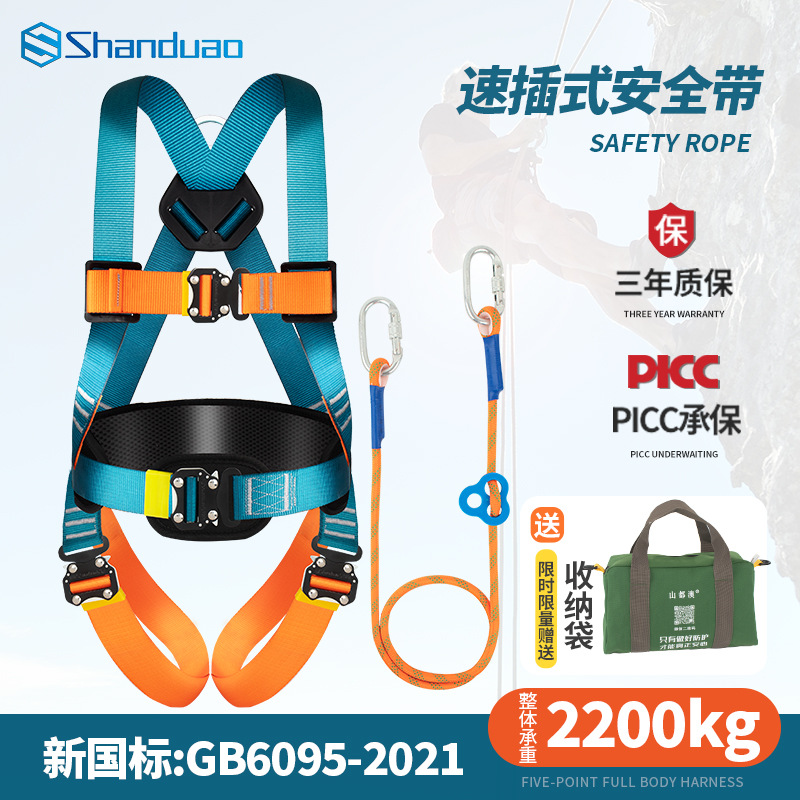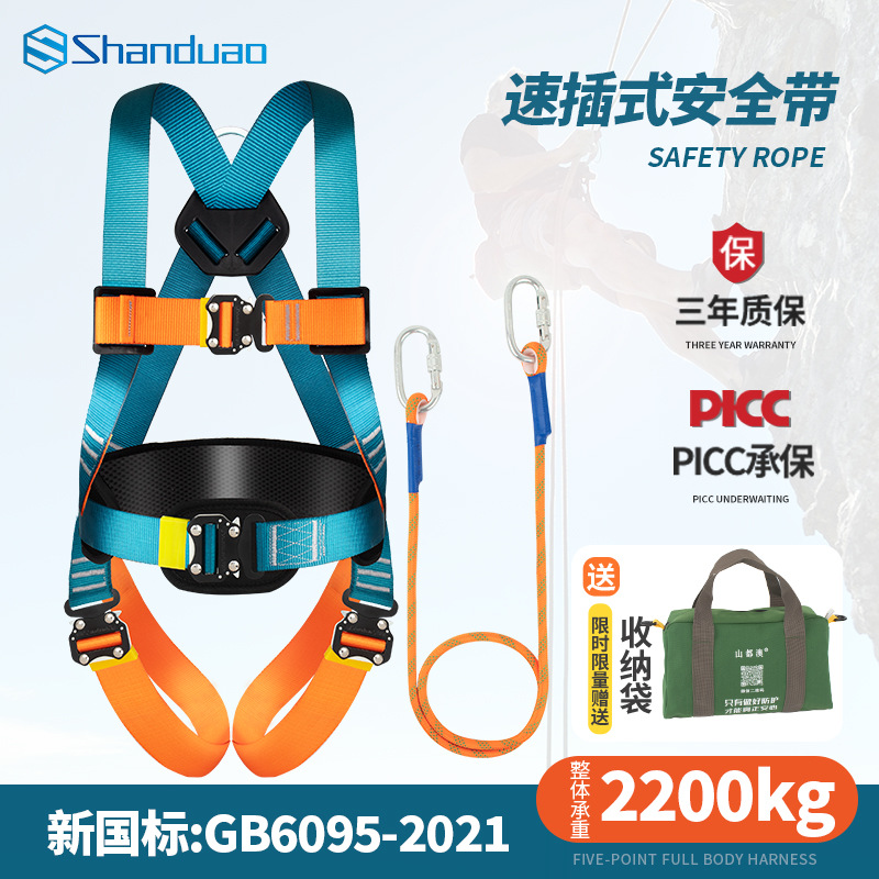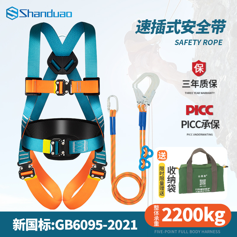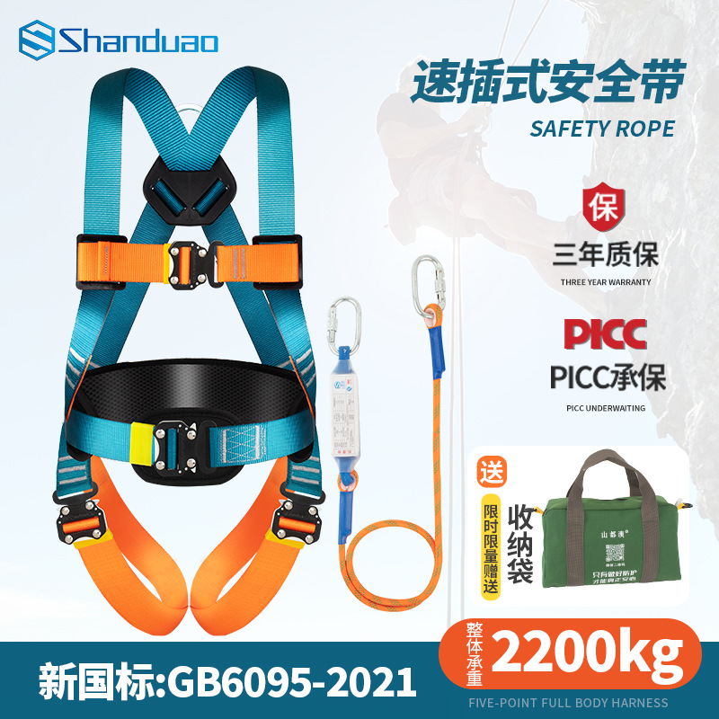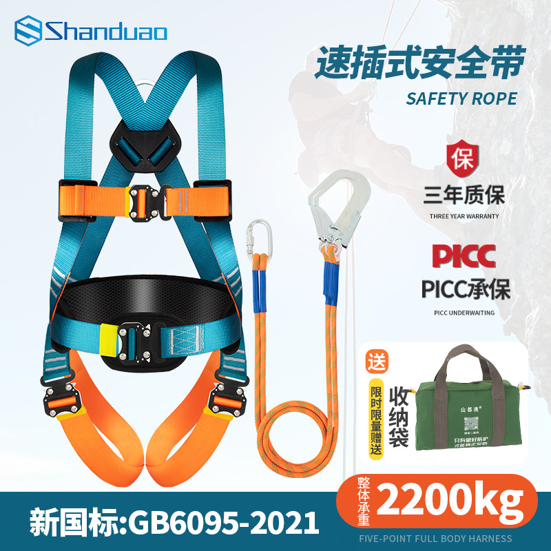 5 점 안전 벨트 고고도 작업 전신 야외 안전 벨트 전기 내마모성 버퍼 백 더블 후크 안전 로프
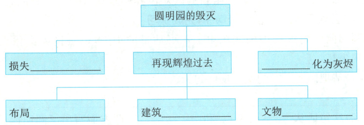 1. 根据课文内容,完成思维导图,重点关注圆明园辉煌的过去。
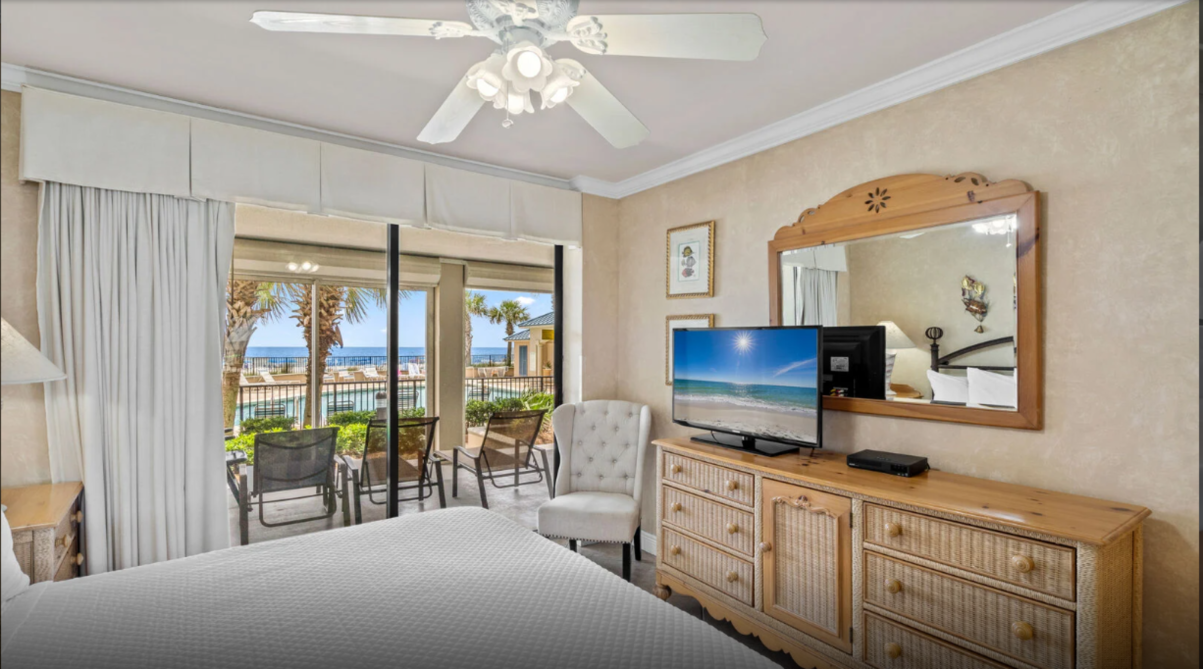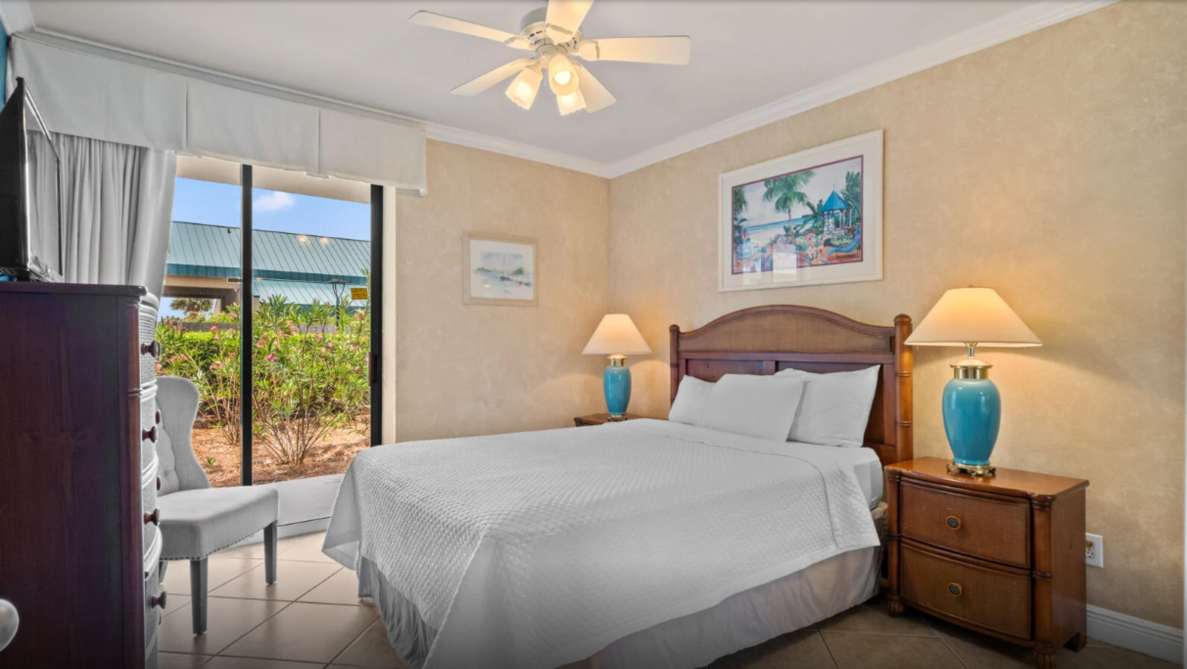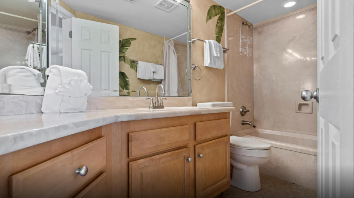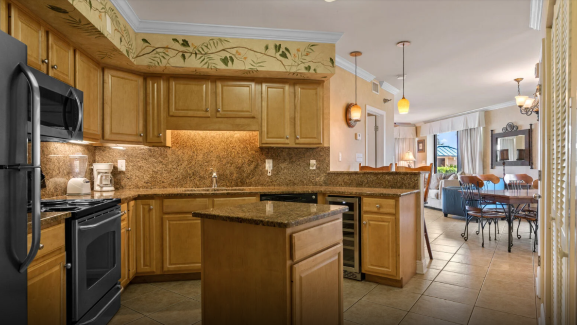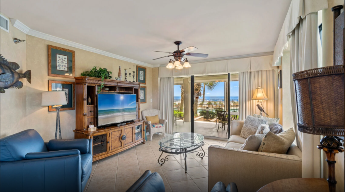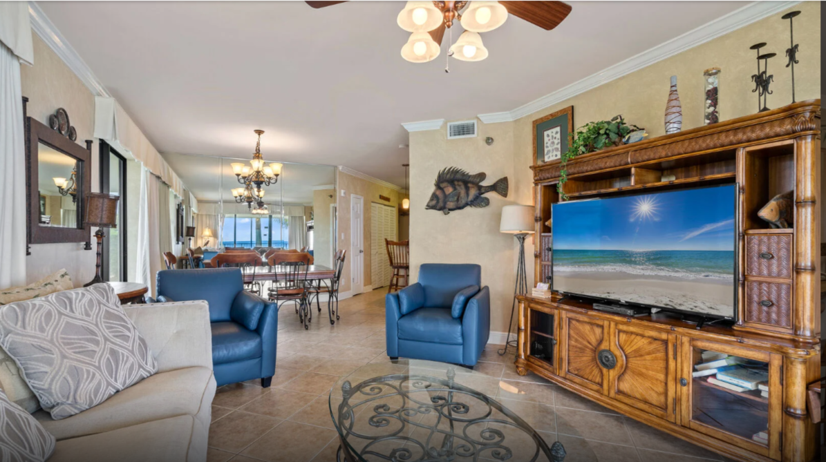 This inviting three-bedroom condo in Orange Beach offers an ideal setting for a laid-back family escape. The open living area feels bright and welcoming, featuring comfortable seating, a large television, and plenty of natural light. A fully equipped kitchen with modern appliances makes meal prep effortless—whether you’re planning a hearty breakfast or quick bites after a day by the shore.
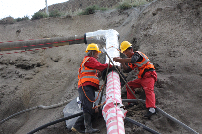 在布然隧道进口处,我们看见工人们正在用伴热带、保温棉、铝箔纸包裹管道。项目总工郭步玺看我一头雾水,便解释道,布然隧道隧址处于高寒、高海拔地区,每年有效施工时间仅有3月初至10月底的8个月时间,进入冬季后,室外的大桥、路基等就不具备施工条件了。但是项目部通过增加保温措施,能够克服恶劣天气带来的影响,从而继续进行隧道施工。
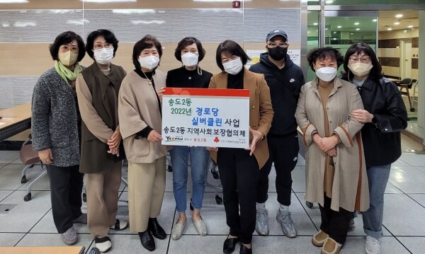 송도2동 지역사회보장협의체 연합모금액 53만6500원으로 마련한 58개의 스프레이형 살균소독수를 위원들이 직접 경로당에 전달함과 동시에 복지체감도를 높이고자 어르신들을 위한 사회복지서비스 안내도 함께 실시했다.
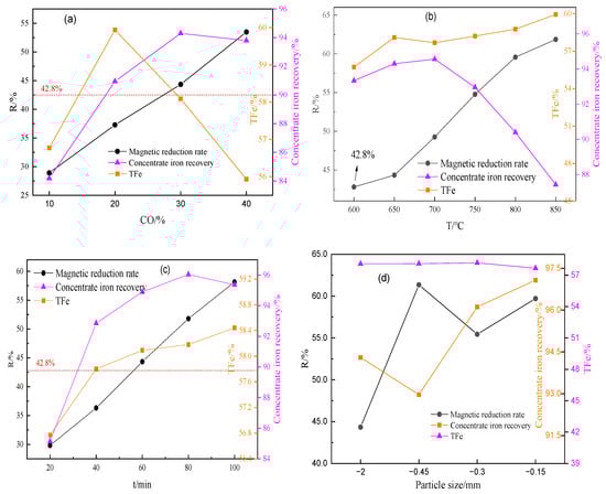 The effects of roasting conditions on magnetic separation: (a) CO concentration, (b) roasting temperature, (c) roasting time, and (d) particle size.
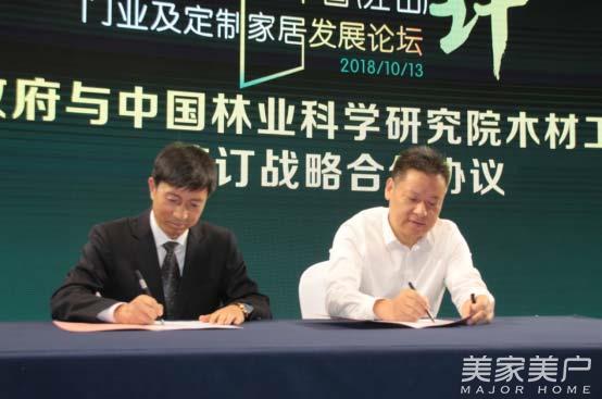 江山市人民政府副市长张志军(右)与中国林业科学研究院木材工业研究所副所长吕斌分别代表江山市人民政府与中国林业科学研究院木材工业研究所签订战略合作协议
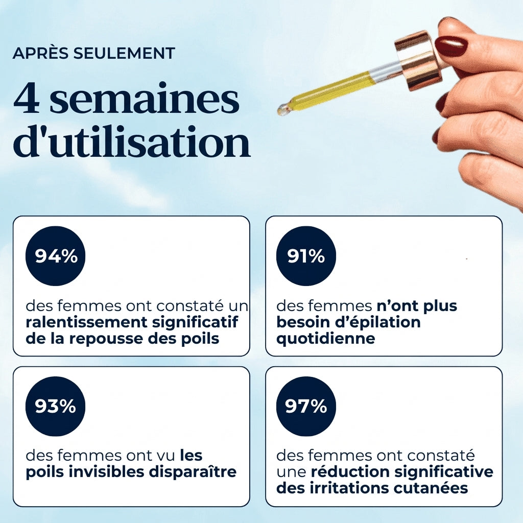 - Ce que vous allez remarquer : Semaine 2 — la repousse est plus douce au toucher. Semaine 4 — le poil est visiblement plus fin. Semaine 6 — vous sautez des jours sans y penser. Mois 2 — vous oubliez complètement.
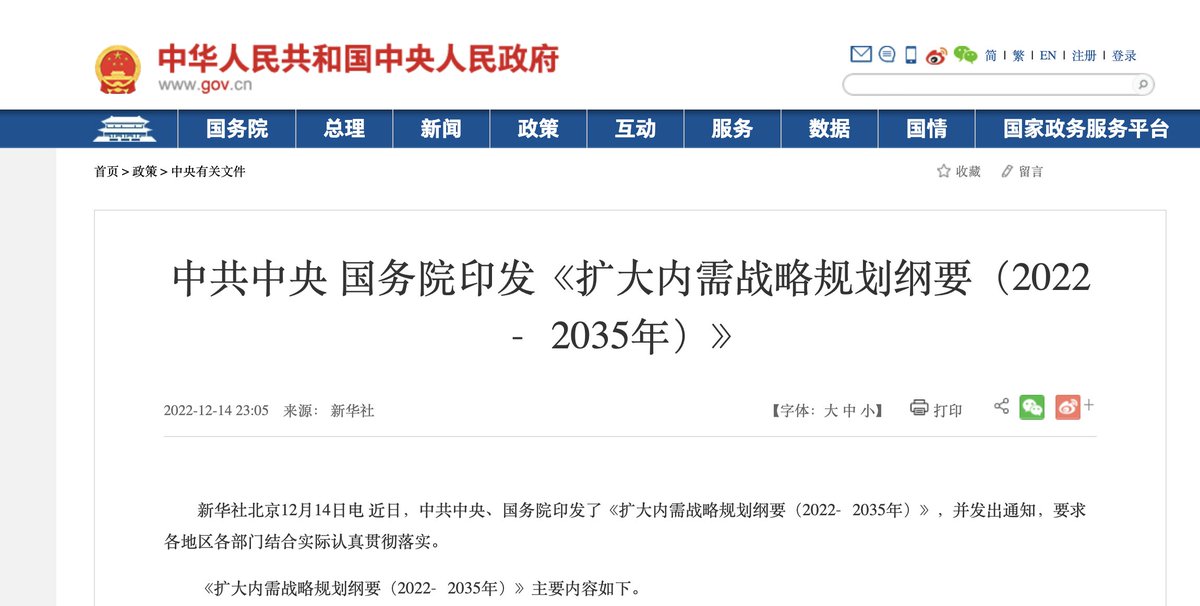 https://twitter.com/xQpsnS2o58cNBxt/status/1602527228029304832China just published this 《扩大内需战略规划纲要(2022-2035年)》 plan to expand domestic demand between 2022 and 2035.

• • • • •

ACTION ITEM: Lines from the start of the listing above through the line holding "江山市人民政府副市长张志军(右)与中国林" are to be duplicated exactly, and nothing more; leave out the pictures.

WRITTEN ANSWER:
 5 점 안전 벨트 고고도 작업 전신 야외 안전 벨트 전기 내마모성 버퍼 백 더블 후크 안전 로프
 1. 根据课文内容,完成思维导图,重点关注圆明园辉煌的过去。
 This inviting three-bedroom condo in Orange Beach offers an ideal setting for a laid-back family escape. The open living area feels bright and welcoming, featuring comfortable seating, a large television, and plenty of natural light. A fully equipped kitchen with modern appliances makes meal prep effortless—whether you’re planning a hearty breakfast or quick bites after a day by the shore.
 在布然隧道进口处,我们看见工人们正在用伴热带、保温棉、铝箔纸包裹管道。项目总工郭步玺看我一头雾水,便解释道,布然隧道隧址处于高寒、高海拔地区,每年有效施工时间仅有3月初至10月底的8个月时间,进入冬季后,室外的大桥、路基等就不具备施工条件了。但是项目部通过增加保温措施,能够克服恶劣天气带来的影响,从而继续进行隧道施工。
 송도2동 지역사회보장협의체 연합모금액 53만6500원으로 마련한 58개의 스프레이형 살균소독수를 위원들이 직접 경로당에 전달함과 동시에 복지체감도를 높이고자 어르신들을 위한 사회복지서비스 안내도 함께 실시했다.
 The effects of roasting conditions on magnetic separation: (a) CO concentration, (b) roasting temperature, (c) roasting time, and (d) particle size.
 江山市人民政府副市长张志军(右)与中国林业科学研究院木材工业研究所副所长吕斌分别代表江山市人民政府与中国林业科学研究院木材工业研究所签订战略合作协议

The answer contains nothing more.